In the copy, every line of the material that follows must appear exactly, and no pictures should.

DATASET SECTION
* * *

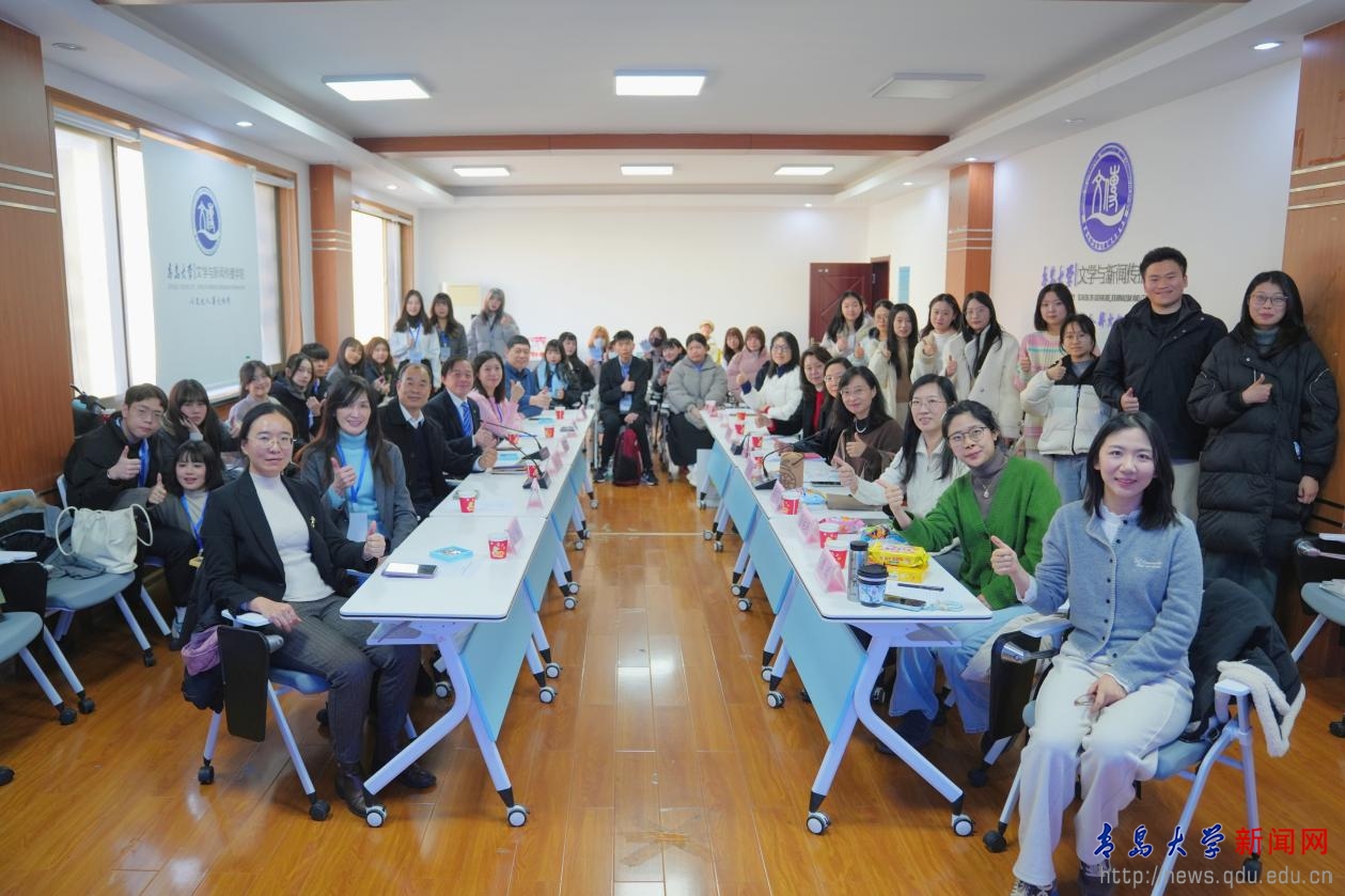 张文彦介绍了文学与新闻传播学院的学科设置、师资力量、科研成果及人才培养特色。与会师生共同观看了青岛大学宣传片,互赠了纪念品,并进行了才艺表演,围绕学术研究、专业学习、校园生活、文化传承等话题进行了深入交流。
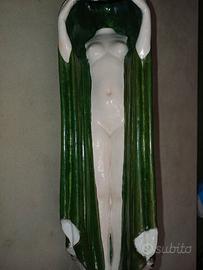 Tonalità colore principale: verde esterno, bianco interno; elementi in piccolo fuoco color rosa in alcune zone del corpo, mani, seni, ombelico, ginocchia e piedi.
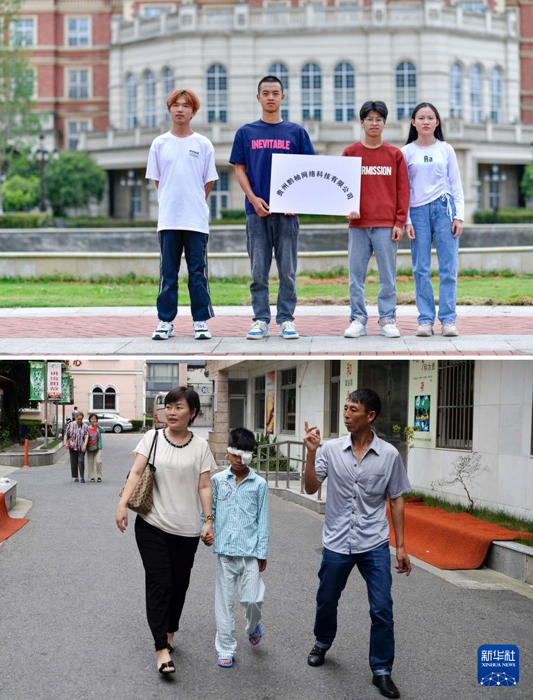 拼版照片:上图为2024年6月5日,邓广伟(右二)与同学们在贵州黔南科技学院里展示公司的牌子;下图为2015年7月17日,爱心人士范女士(左)陪同手术后的邓广伟在上海街头散步。新华社记者 杨文斌 摄

* * *

RESPONSE AREA
 张文彦介绍了文学与新闻传播学院的学科设置、师资力量、科研成果及人才培养特色。与会师生共同观看了青岛大学宣传片,互赠了纪念品,并进行了才艺表演,围绕学术研究、专业学习、校园生活、文化传承等话题进行了深入交流。
 Tonalità colore principale: verde esterno, bianco interno; elementi in piccolo fuoco color rosa in alcune zone del corpo, mani, seni, ombelico, ginocchia e piedi.
 拼版照片:上图为2024年6月5日,邓广伟(右二)与同学们在贵州黔南科技学院里展示公司的牌子;下图为2015年7月17日,爱心人士范女士(左)陪同手术后的邓广伟在上海街头散步。新华社记者 杨文斌 摄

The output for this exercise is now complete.